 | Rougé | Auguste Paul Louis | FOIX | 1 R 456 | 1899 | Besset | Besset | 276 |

---

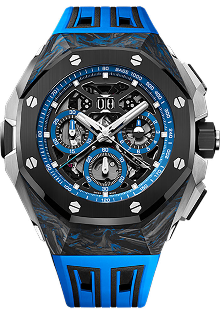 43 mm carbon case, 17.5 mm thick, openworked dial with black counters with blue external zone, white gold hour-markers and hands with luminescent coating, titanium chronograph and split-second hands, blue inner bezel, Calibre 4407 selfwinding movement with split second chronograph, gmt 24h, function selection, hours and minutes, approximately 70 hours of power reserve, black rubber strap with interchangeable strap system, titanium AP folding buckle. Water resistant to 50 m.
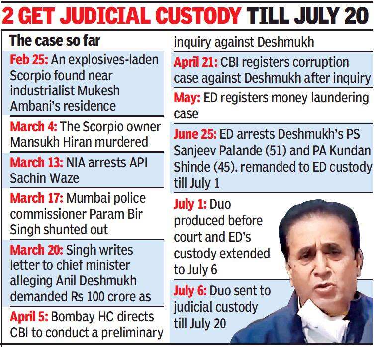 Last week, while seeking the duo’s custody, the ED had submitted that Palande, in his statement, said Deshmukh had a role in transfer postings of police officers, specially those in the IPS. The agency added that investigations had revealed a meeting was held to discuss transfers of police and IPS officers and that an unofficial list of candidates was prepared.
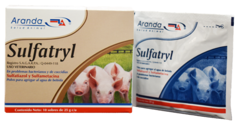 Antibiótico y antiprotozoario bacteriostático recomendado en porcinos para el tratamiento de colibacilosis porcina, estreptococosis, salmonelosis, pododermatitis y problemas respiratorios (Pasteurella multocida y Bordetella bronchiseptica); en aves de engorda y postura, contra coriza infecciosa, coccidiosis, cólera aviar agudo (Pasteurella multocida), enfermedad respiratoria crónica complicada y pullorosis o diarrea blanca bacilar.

* * *

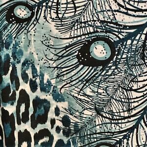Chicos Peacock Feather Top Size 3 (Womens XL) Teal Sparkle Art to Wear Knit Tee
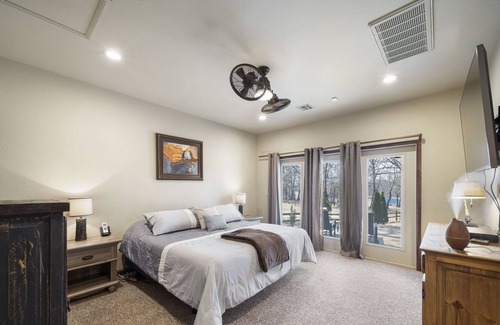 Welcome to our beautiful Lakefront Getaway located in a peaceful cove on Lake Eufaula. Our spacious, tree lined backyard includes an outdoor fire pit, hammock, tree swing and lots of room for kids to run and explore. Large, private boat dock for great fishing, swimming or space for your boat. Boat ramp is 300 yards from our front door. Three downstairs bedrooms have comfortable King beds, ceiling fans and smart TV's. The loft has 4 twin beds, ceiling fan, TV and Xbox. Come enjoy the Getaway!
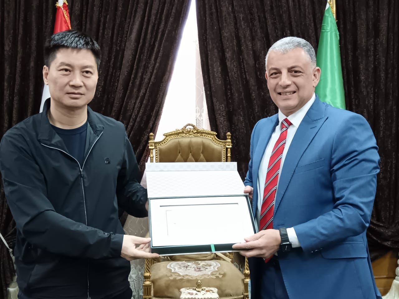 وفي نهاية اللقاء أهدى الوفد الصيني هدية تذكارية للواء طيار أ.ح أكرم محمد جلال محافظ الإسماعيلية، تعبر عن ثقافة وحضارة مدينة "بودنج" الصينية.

▸ **WHAT YOU SHOULD DO**
Going by the data above, give back only the lines from the one containing "Welcome to our" through the one containing "وفي نهاية اللقاء", exactly as they stand, both ends included and no images.

▸ **RESPONSE**
 Welcome to our beautiful Lakefront Getaway located in a peaceful cove on Lake Eufaula. Our spacious, tree lined backyard includes an outdoor fire pit, hammock, tree swing and lots of room for kids to run and explore. Large, private boat dock for great fishing, swimming or space for your boat. Boat ramp is 300 yards from our front door. Three downstairs bedrooms have comfortable King beds, ceiling fans and smart TV's. The loft has 4 twin beds, ceiling fan, TV and Xbox. Come enjoy the Getaway!
 وفي نهاية اللقاء أهدى الوفد الصيني هدية تذكارية للواء طيار أ.ح أكرم محمد جلال محافظ الإسماعيلية، تعبر عن ثقافة وحضارة مدينة "بودنج" الصينية.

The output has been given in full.